Глава 17

Понедельник — день тяжелый.

На парах никак не могу собраться с мыслями, они такие тягучие, что приходится взять в руки лист бумаги и ручку, чтобы начать записывать, рисовать схему.

К сожалению, не лекцию по античной литературе. Она меня сейчас абсолютно не интересует.

Я бы не отказался сейчас выслушать курс по методам ведения журналистского расследования, но кто–то из руководителей сверху решил, что мне важнее знать всё о произведениях Платона и Софокла. Им невдомек, что студенту нужна не теория, а то, что можно применить на практике уже сейчас.

Мысли снова перескакивают на мое собственное расследование. Целью которого является желание достичь определенного результата — выявить факты.

Что я имею на эту минуту?

Что у меня действительно уже есть в кармане?
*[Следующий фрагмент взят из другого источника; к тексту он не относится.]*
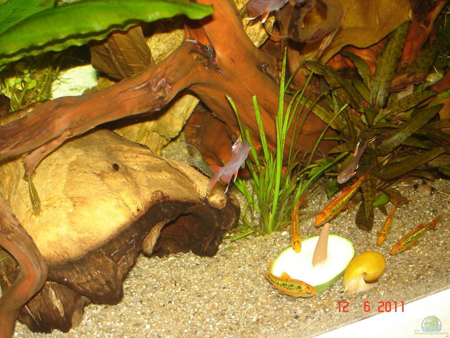 UPDATE - 16.07.2011 Am Besatz selber hat sich nichts geändert. Jedoch hierzu einige Erläuterungen: Durch mangelnde Informationsbeschaffung meinerseits, wurden bei meinem Erstbesatz sowohl Kalt- und Warmwasserfische angeschafft. Daher fahre beim Becken bzgl. der Temperatur zur Zeit einen Kompromiss - 26/27° C. Zur Zeit scheinen sie auch gut mit den gegebenheiten klar zu kommen...zumindest lässt dies ihr Verhalten ableiten (kein wenig Scheu, sehr aktiv, viel Appetit und keinerlei Anzeichen [...]

Наблюдения за Никой и странностями ее поведения. Девушка явно злоупотребляет своим положением. Непонятно одно, неужели Мартынов не видит этого? Или надо брать выше — у Ники есть любовник где-то в ЦК? Вряд ли. Какой адекватный коммунист свяжется с журналисткой. Это тоже самое, что удава повесить себе на шею, в какой-то момент он просто задушит.

Ладно, топаем дальше.

Интервью с журналисткой Олей Борисовой, которая рассказала мне об однокурснике Игнатове Грише, влюбленного в Марину Ольховскую. Мальчик бегал за девочкой, а она его динамила, смеялась над ним. Возможно, он разозлился, выждал и отомстил? На убийцу не похож.

Перехожу кВесниной Анне, третьей подруге, которая знала о сыне Ольховской. Значит, отношения были у них близкие, и пропавшая женщина могла доверить Анне тайну.
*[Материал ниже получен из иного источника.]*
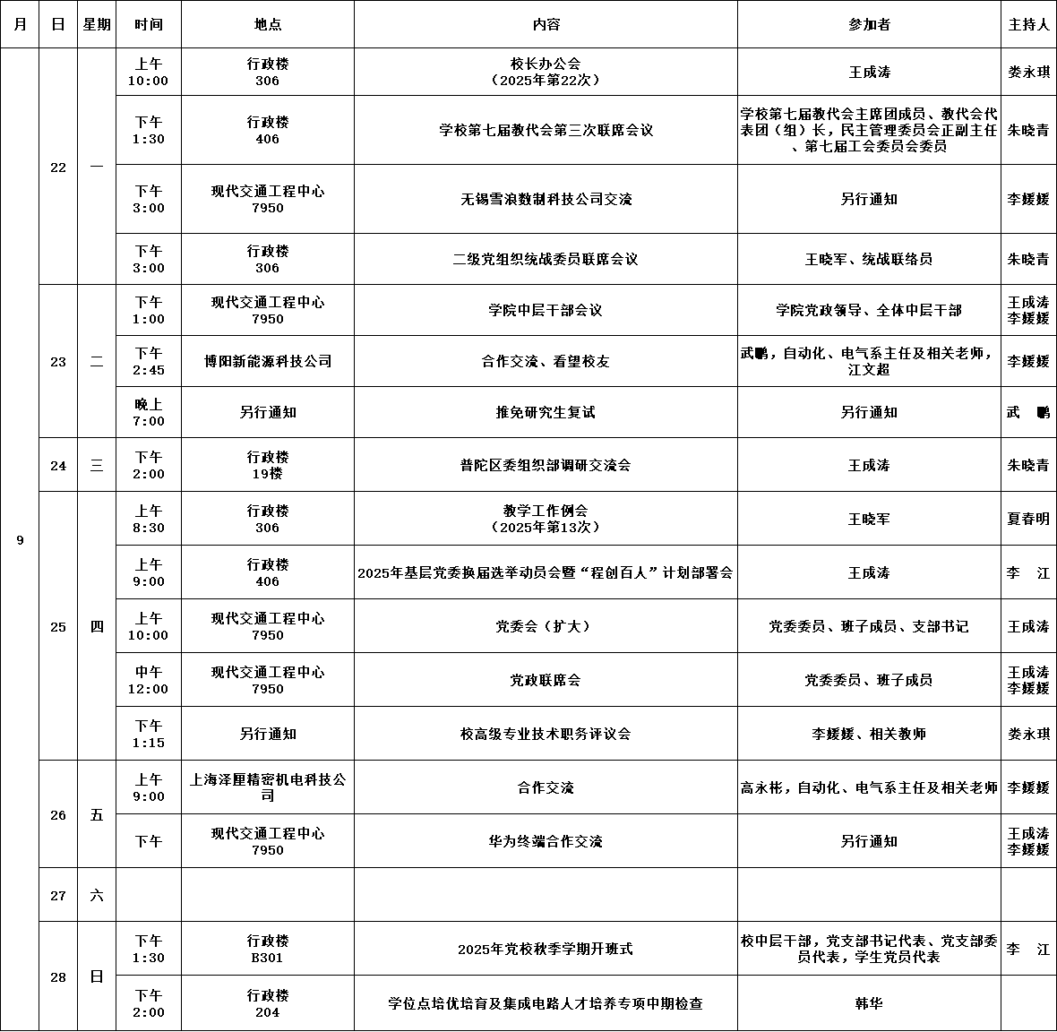 学院第3周活动安排(2025年9月22日-9月28日)

Из интервью я еще выяснил, что парочка Аня — Витя слишком заточена на коммунистические лозунги, и даже успела подать заявления на вступление в партию. Только пока заминка вышла, не нашли третьего рекомендующего.
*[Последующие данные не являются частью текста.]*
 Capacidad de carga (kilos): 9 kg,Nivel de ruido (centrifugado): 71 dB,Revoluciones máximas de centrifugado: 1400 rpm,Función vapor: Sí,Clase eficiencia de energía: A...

В целом, Веснина и Карбышев меня напрягли. После общения с ними я остался встревожен. Эти не против оставить себе мальчишку, если мать не найдется.

А зачем? Они любят друг друга и партию, скоро поженятся, родят своих детей. Для чего им нужен пятилетний сирота? Чтобы сделать из него еще одного коммуниста? Похоже на то.

В таком случае даже мне хочется, чтобы Марина нашлась!

А еще Анна сообщила, что за ней следят, а Ника — их однокурсница, вовсе им не подруга.

Ника Королева — богатая по советским меркам и успешная, с блатом и полученными в наследство связями устроила на работу Ольховскую. Не верю в благотворительность.

Какие у меня есть доказательства?

Документов — никаких, фотографий также нет.

Это брешь в моем расследовании.

Выводы делать рано, но очень хочется.

Рисую на бумаге по центру имя Марина, обвожу его в круг, вокруг нее рисую другие круги — четырех однокурсников с журфака — Нику, Олю, Аню, Гришу.

Над Никой ставлю вопрос.

От Марины к этим четырем провожу жирные стрелки, подписываю:

Ника — хочет забрать ребенка для сестры Вики.

Аня — хочет забрать ребенка, чтобы вырастить из него ярого коммуняку.

Оля — ни черта не хочет, и это странно, но объяснимо.

Гриша — внезапное проявление безразличия к объекту любви.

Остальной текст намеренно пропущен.